PROVIDED RECORDS ->

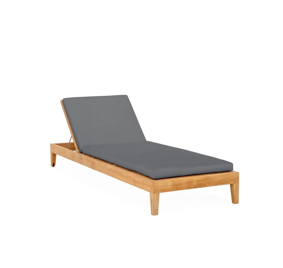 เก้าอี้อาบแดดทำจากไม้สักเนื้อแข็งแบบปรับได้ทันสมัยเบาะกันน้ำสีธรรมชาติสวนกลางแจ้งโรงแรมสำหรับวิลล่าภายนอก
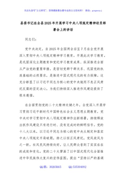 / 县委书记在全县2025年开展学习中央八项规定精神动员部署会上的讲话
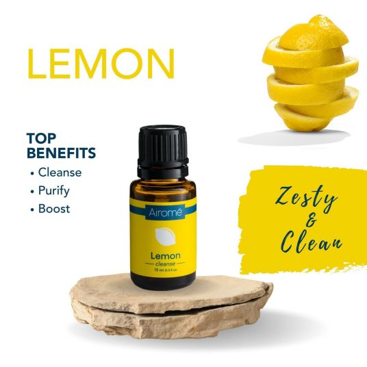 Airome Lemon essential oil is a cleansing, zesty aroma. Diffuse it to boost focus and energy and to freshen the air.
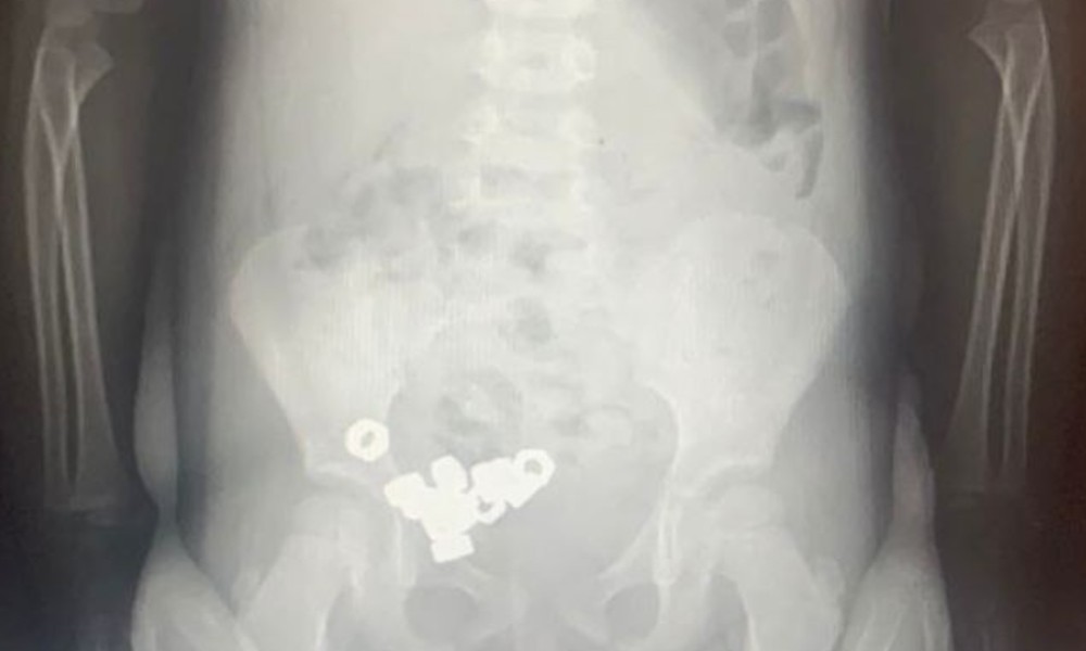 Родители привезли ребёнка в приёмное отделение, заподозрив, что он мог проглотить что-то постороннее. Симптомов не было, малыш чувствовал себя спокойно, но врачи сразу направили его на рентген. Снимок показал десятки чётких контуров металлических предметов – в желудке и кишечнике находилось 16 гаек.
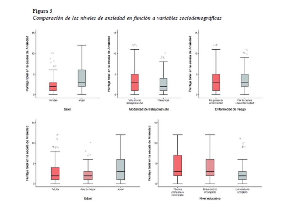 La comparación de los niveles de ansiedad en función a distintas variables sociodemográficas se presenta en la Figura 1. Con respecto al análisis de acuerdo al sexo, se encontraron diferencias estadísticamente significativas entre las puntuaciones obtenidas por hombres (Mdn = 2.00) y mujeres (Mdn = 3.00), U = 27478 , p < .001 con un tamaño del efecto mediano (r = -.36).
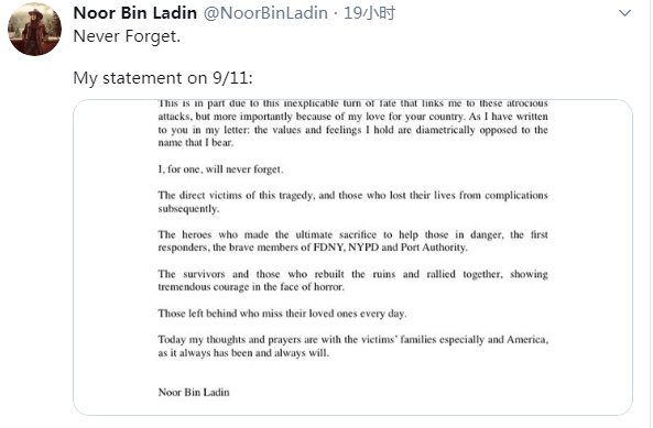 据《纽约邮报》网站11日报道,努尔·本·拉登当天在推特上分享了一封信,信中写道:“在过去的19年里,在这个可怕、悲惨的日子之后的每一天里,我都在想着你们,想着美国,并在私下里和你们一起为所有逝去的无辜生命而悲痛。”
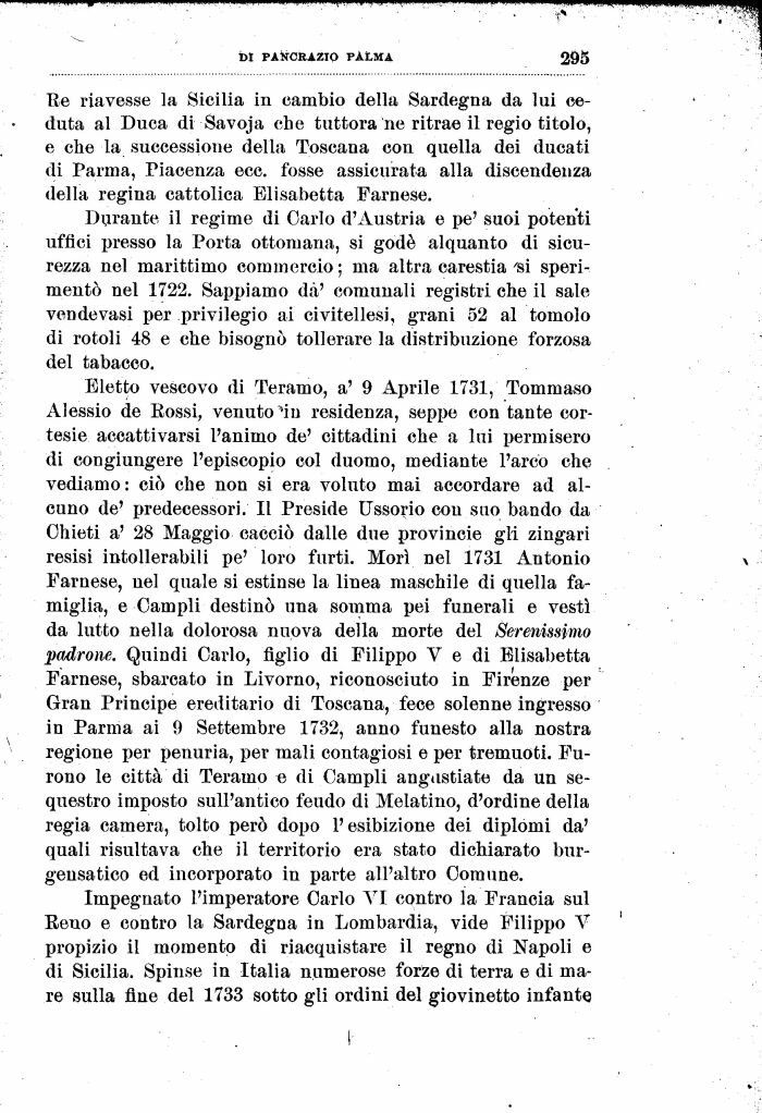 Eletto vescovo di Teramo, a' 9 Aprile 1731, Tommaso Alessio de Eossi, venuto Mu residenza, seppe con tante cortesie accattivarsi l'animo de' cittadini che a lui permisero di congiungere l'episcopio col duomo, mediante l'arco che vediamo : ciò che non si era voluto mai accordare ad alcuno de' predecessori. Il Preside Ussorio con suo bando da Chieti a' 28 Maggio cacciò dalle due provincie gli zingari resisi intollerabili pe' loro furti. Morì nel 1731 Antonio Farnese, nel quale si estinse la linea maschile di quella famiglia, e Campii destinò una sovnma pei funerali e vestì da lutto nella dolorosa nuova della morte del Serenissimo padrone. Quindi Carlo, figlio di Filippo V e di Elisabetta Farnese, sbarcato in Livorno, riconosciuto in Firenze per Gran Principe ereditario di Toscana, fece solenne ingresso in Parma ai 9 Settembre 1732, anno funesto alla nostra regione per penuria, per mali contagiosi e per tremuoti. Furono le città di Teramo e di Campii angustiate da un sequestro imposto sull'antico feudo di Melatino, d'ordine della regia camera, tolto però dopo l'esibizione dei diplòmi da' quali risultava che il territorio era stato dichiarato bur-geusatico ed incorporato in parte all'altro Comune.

EXERCISE GOAL ->
In the entries above, find the line that contains "Airome Lemon essential", then repeat exactly every line from the first one through that line, with no pictures.

EXERCISE SOLUTION ->
 เก้าอี้อาบแดดทำจากไม้สักเนื้อแข็งแบบปรับได้ทันสมัยเบาะกันน้ำสีธรรมชาติสวนกลางแจ้งโรงแรมสำหรับวิลล่าภายนอก
 / 县委书记在全县2025年开展学习中央八项规定精神动员部署会上的讲话
 Airome Lemon essential oil is a cleansing, zesty aroma. Diffuse it to boost focus and energy and to freshen the air.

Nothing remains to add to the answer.